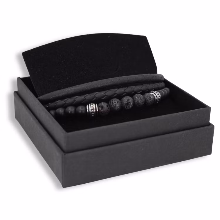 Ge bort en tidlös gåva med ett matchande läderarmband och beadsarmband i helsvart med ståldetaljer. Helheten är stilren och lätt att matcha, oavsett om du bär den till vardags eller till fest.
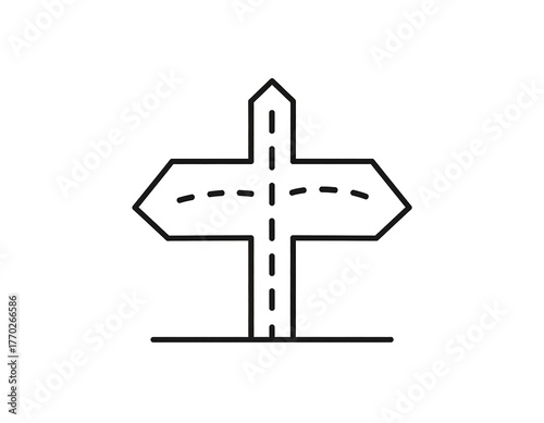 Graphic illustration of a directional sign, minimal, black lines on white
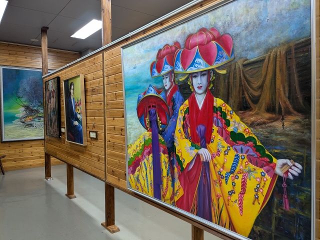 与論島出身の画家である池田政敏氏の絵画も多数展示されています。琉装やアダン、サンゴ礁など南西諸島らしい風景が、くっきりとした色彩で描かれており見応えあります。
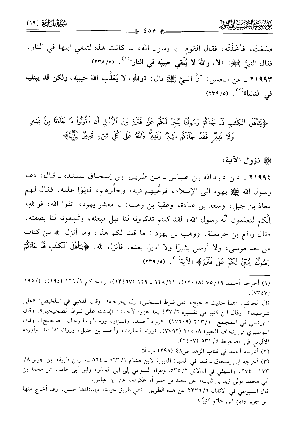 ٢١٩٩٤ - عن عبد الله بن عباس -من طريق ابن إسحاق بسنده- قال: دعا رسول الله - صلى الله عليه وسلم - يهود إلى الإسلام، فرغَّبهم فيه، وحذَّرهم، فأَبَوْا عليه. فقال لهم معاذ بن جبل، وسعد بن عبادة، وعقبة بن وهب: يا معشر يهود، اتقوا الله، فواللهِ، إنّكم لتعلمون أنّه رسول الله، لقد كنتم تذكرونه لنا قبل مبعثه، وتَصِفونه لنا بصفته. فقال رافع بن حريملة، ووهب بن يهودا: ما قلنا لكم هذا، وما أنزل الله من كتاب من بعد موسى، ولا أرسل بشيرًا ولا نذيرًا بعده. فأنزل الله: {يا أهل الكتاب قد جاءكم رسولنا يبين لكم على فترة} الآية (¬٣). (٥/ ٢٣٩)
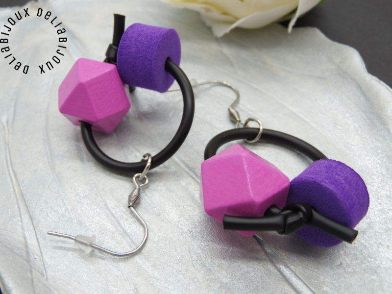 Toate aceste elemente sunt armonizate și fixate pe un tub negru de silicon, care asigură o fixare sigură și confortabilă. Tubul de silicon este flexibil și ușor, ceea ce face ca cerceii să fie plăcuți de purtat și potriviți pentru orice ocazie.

* * *

Any pictures are to be skipped, and the lines from the beginning of the entries through the line with "与論島出身の画家である池田政" copied exactly.

 Ge bort en tidlös gåva med ett matchande läderarmband och beadsarmband i helsvart med ståldetaljer. Helheten är stilren och lätt att matcha, oavsett om du bär den till vardags eller till fest.
 Graphic illustration of a directional sign, minimal, black lines on white
 与論島出身の画家である池田政敏氏の絵画も多数展示されています。琉装やアダン、サンゴ礁など南西諸島らしい風景が、くっきりとした色彩で描かれており見応えあります。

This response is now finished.